Fact 9: Anacondas Reach Sexual Maturity At 3 To 4 Years
Green anacondas reach sexual maturity at about 3 to 4 years of age. Yellow anacondas breed annually, but female green anacondas only breed every other year. This is because they have quite a taxing reproduction process and they need to regain their strength and energy for the next reproduction orgy.
From March to May, these giant constrictors abandon their solitary lifestyles and spend a long time mating. For many male green anacondas, these lusty pairings end in death. The female often consumes them to help nourish her through the gestation period.
The females start the mating process by leaving a trail of pheromones. The males then search for the females. The male’s forked tongue flicks as he gathers different scents from the ground and air. The Jacobson’s organ in the roof of the snake’s mouth enables the reptile to smell and locate prey.

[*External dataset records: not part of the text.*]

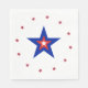 Celebrate America with these star-studded napkins, the perfect addition to your patriotic celebrations and gatherings. Each napkin showcases a large, resplendent five-pointed star at its centre The central star boasts a striking blue outer layer, a vibrant red middle layer, and an inner layer with the main napkin colour showing through. Surrounding this magnificent centerpiece is a ring of smaller stars, with the red and blue colours switched in order from the centre star. They are perfect for any occasion, whether it's a Fourth of July celebration, Memorial Day gathering, Veterans Day event, or simply a display of national pride during year-round festivities.
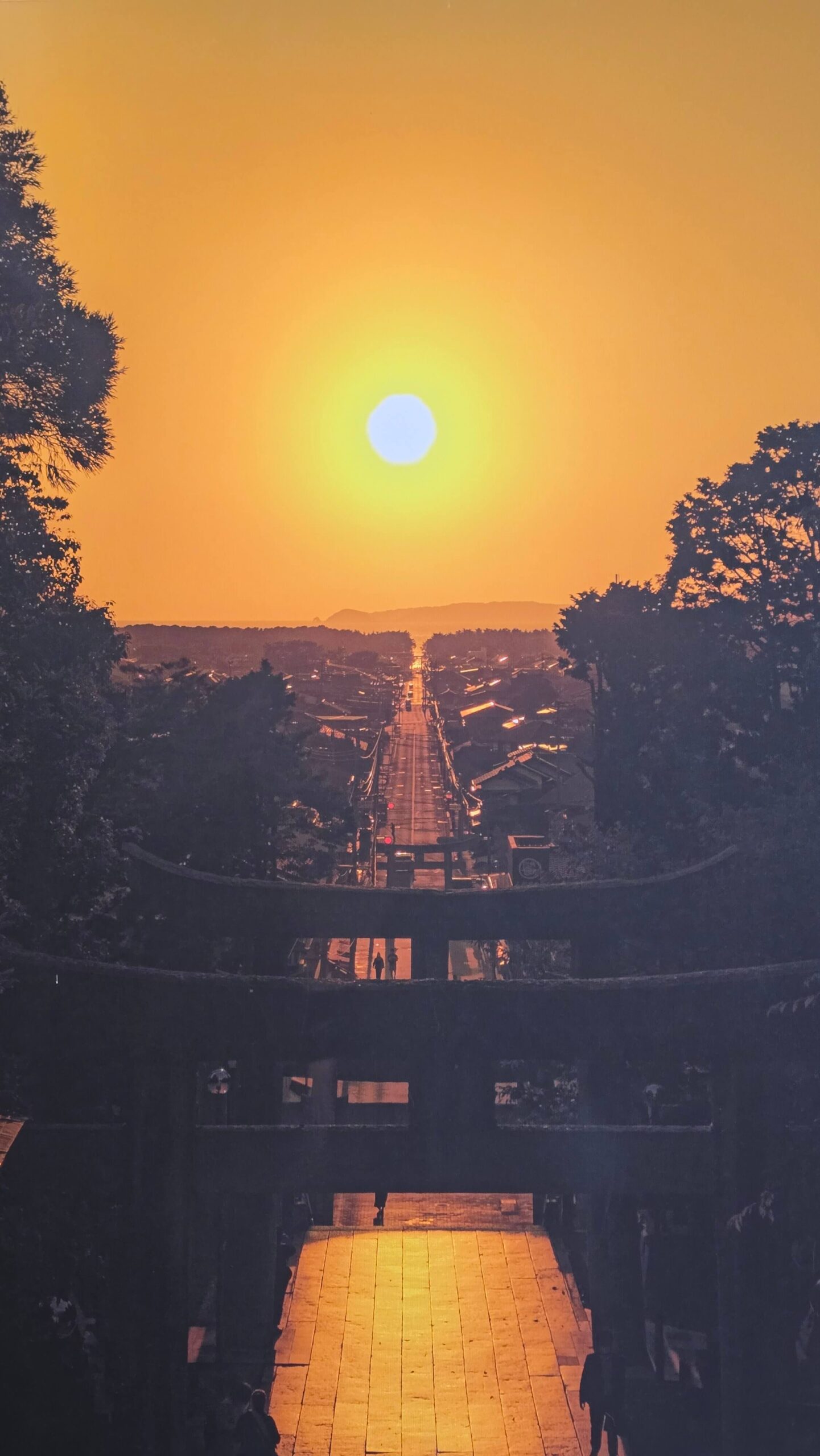 - 每年 2 月和 10 月下旬,夕陽會筆直的照射在通往海邊的參道上,又稱「光之道」
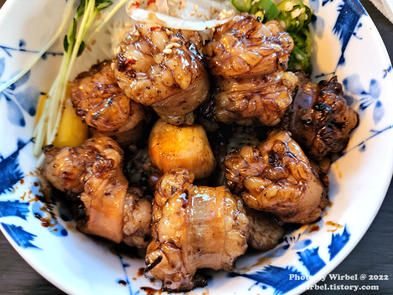 대창덮밥 보통에는 탱글탱글한 대창이 8조각이 들어가 있습니다.
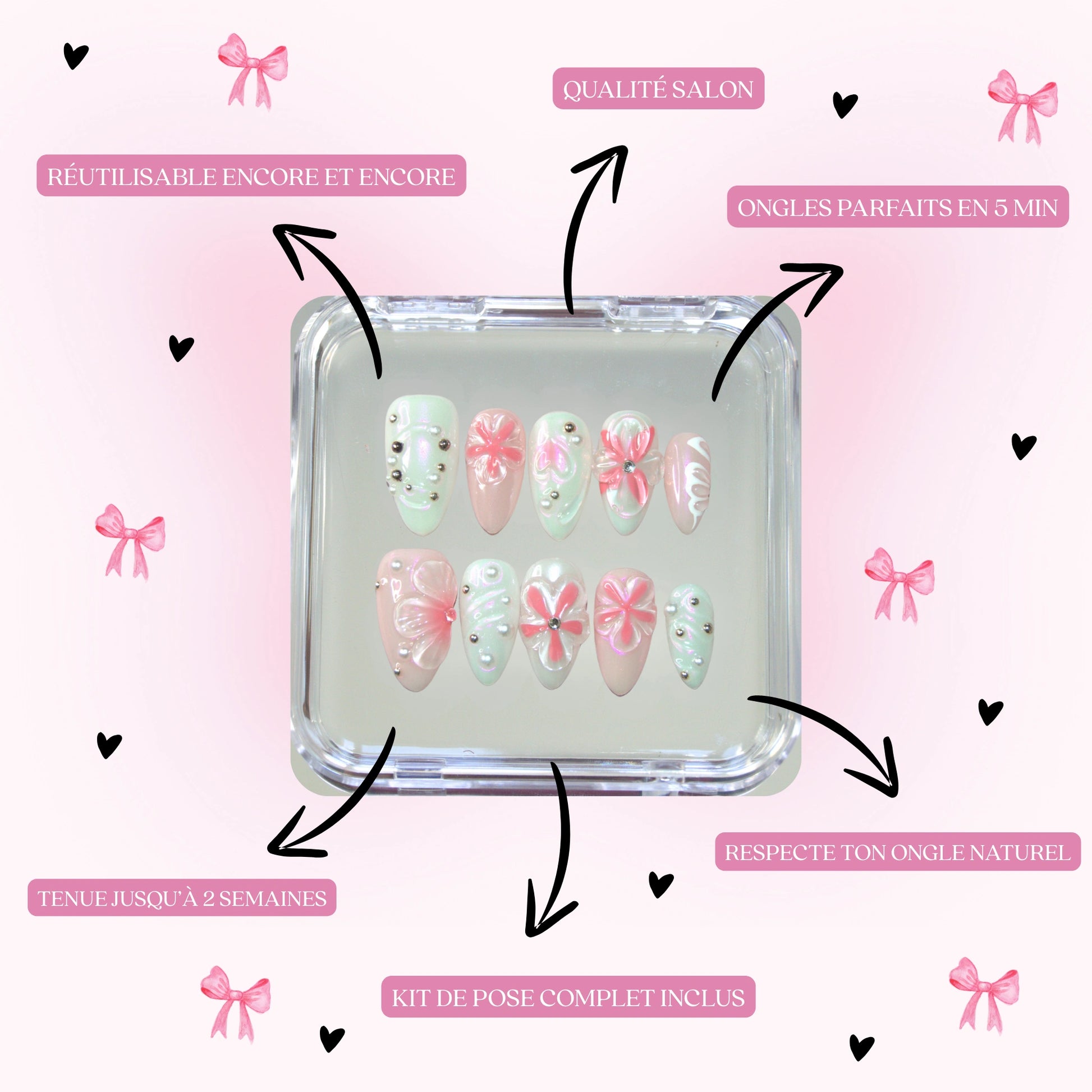 It depends on the method you choose: with gel pads, count 5 to 7 days: perfect for an event or everyday use. With glue, your false nails can last up to 14 days, depending on your daily routine. And the best part? You can take them off whenever you want and reuse them as much as you want, just peel them off carefully 🌸
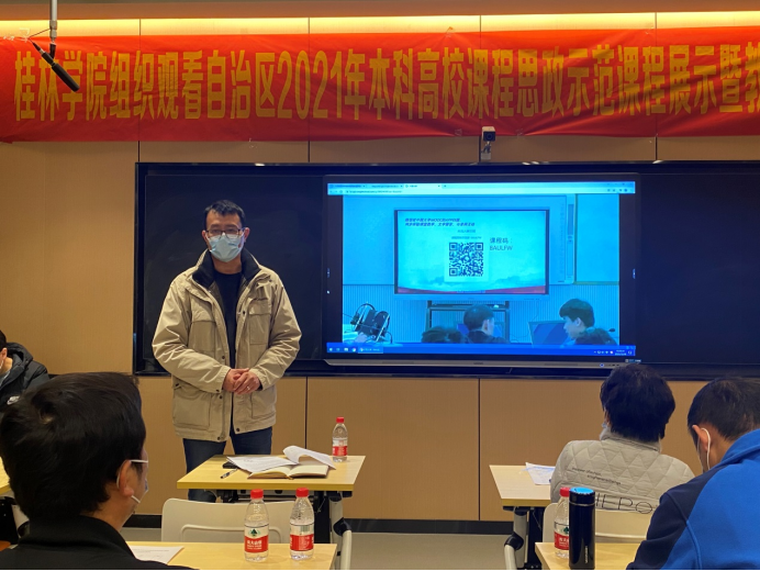 根据安排,本次活动展示课程共12门,课程思政示范课展示与教学研讨两个环节。在示范课展示中,流程分为教师示范、观摩人员与教师互动、专家点评三个部分。我校现场集体选看了2门课程,分别是广西大学高伟老师讲授了《木与人类文明》,他用具有感染力的语言结合历史用到木头的案例进行讲解,教学过程中帮助学生树立有理想信念、有道德情操、有扎实学识、有仁爱之心的教师观。梧州学院宋银秋老师讲授了《高级英语2》,她在“寓教于乐”“潜移默化”的教学中将知识传授与价值观认知完美地融于英语教学中。在教学研讨环节,点评嘉宾对教师的示范课进行了点评。他们认为教师在教学过程中巧妙地融入了课程思政元素,充分地将专业课程教学融入家国情怀、文化自信、人文精神、仁爱之心等要素,实现了知识传授与价值引领的统一、显性教育与隐性教育的统一、教书与育人的统一,充分体现了他们对课程思政的深度思考。
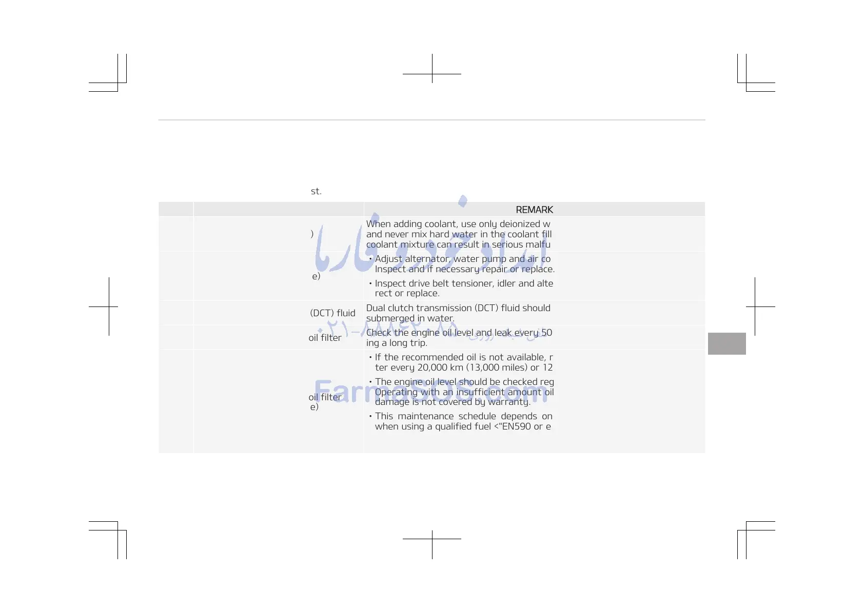 • This maintenance schedule depends on fuel quality. It is applicable only
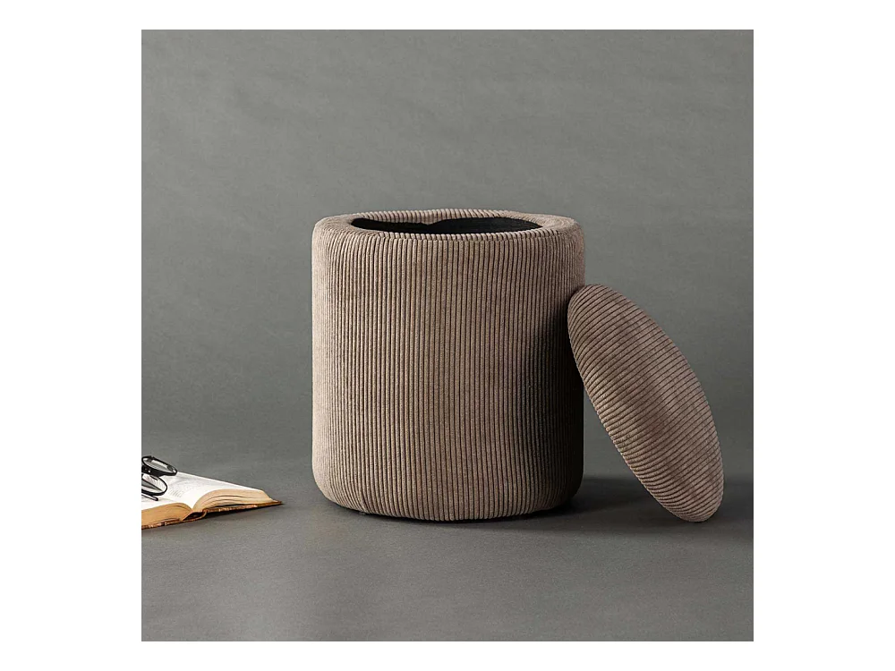 Pouf Coffre en Velours Côtelé "Limpen" 40cm Marron
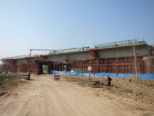 該項目部結合該橋跨公路的特點,開展了“規范安全質量行為年”宣誓和簽字活動,搭設了結實的安全防護棚、增加了安全防護設施、警示標志,并配備專職交通指揮員進行交通疏導;項目部采取月檢、旬檢加不定期抽檢的方式,加大安全檢查監督,及時整改完善。并在施工現場設置安全員,現場盯控,消除了安全隱患。為加快施工進度,滿足先期架梁方向的大局要求,項目部積極開展了“學習實踐科學發展觀、打好施工攻堅戰”活動,針對該橋工期緊迫的狀況,春節過后,項目部將施工作業人員由該橋原定的30多人增加到80人,并配置了兩套模板加快周轉,安排了項目班子成員現場監管、督戰。
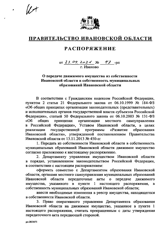 Распоряжение Правительства Ивановской области от 23.04.2021 N 43-рп "О передаче движимого имущества из собственности Ивановской области в собственность муниципальных образований Ивановской области"
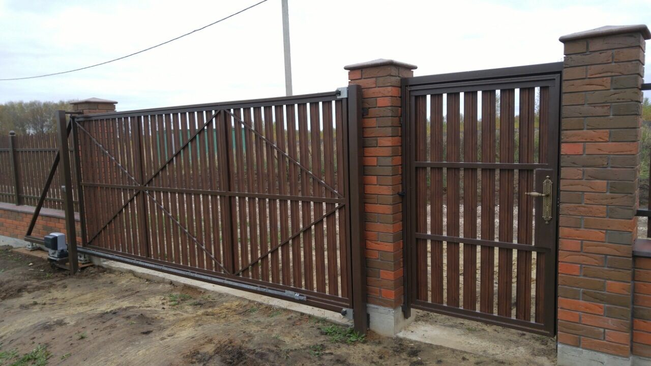 Откатные ворота из евроштакетника с встроенной калиткой
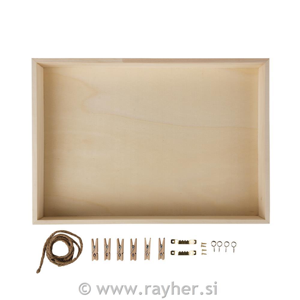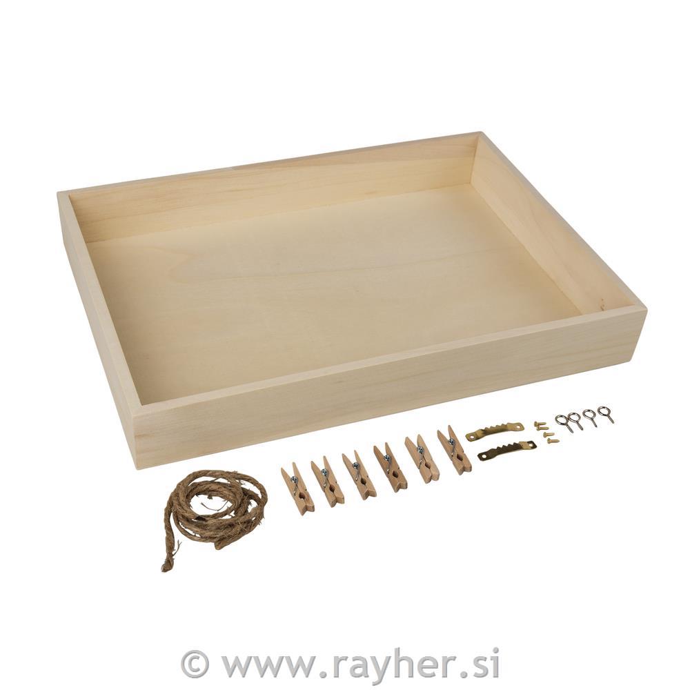 - 1 lesen okvir 36x25x5 cm (notranje mere: 23,4x34,5x4,8 cm)
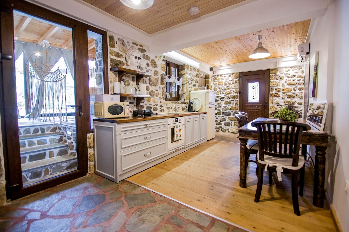 Αυτός ο κομψός χώρος διαμονής είναι ιδανικός για ομαδικά και οικογενειακά ταξίδια.Ομορφη αυλή με πολλά λουλούδια τελείως περιφραγμένη για ιδιοτηκότητα, κιόσκι μπάρμπεκιου και λειτουργικός ξυλόφουρνος Το κτήριο κατασκευάστηκε απο τους παπούδες μου το 1795. Ανακαινίστηκε πλήρως το 2010 με τις ίδιες ντόπιες πέτρες και ξυλεία καστανιάς απο το Αγιο Όρος
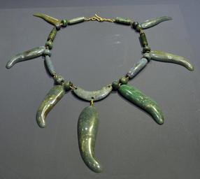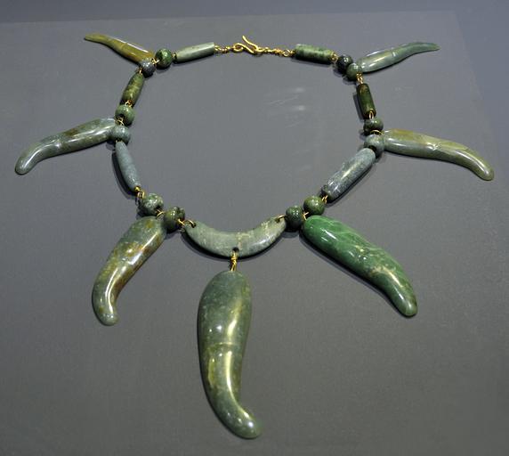 Keywords: Cultures précolombiennes MRAH Olmèque collier jade 02 10 2011.jpg fr Collier en jadéite avec des éléments représentant des griffes de jaguar culture olmèque préclassique moyen 900 - 400 -JC Mexique ou Honduras Musées Royaux d'Art et d'Histoire MRAH Parc du Cinquantenaire Bruxelles 2011-10-02 own Vassil Cc-zero Collection from America Jubilee Park Museum Jadeite Mesoamerican jade jewellery |

Or, in this case, a female in heat. The green anaconda is polyandrous – this means she practices polygamy – taking a number of mates from the many that respond to her pheromones.
The snakes form a mass of writhing bodies. This is known as a breeding ball. The female anaconda snake is stimulated by the males’ spurs, and mating takes place with the male’s tail coiled around her.
These breeding balls last for a number of weeks with the female mating with many males. Female anacondas, both the green and the yellow, are bigger and stronger than the males and they have the final say over which males they mate with.
Fact 10: Females May Eat Males After Mating
As mentioned, the female anaconda may well ingest a couple of males to tide her over the long gestation period that awaits her. She relies on this food when it becomes difficult for her to forage around.
Gestation lasts 6 to 7 months. The impregnated female is ovoviviparous and incubates her eggs.
The young snakes are in clear membranes. When it is birthing time, the snake moves to shallow water and can give birth to as many as 80 or 90 live young, though 20 to 40 is more usual.
Babies are about 2 feet long. The young are independent right at birth and the mother anaconda doesn’t stay around to offer any parental supervision and care.
Facts About Anacondas: Final Thoughts
Anacondas aren’t endangered, but with the persecution they face from human beings, their numbers could be under threat soon.
They are falsely known as ‘man-eaters’, and while there are always stories coming up of humans being eaten by anacondas, none of the stories have been verified.
That said, an anaconda is certainly capable of eating a human, even though humans are not their first choice of food. And only children would realistically be on their menu. Most fully grown adults would likely be too much for them to stomach.
Despite that, we do not recommend testing this theory. Even though there are no official reports of an anaconda eating a human, why risk becoming the first?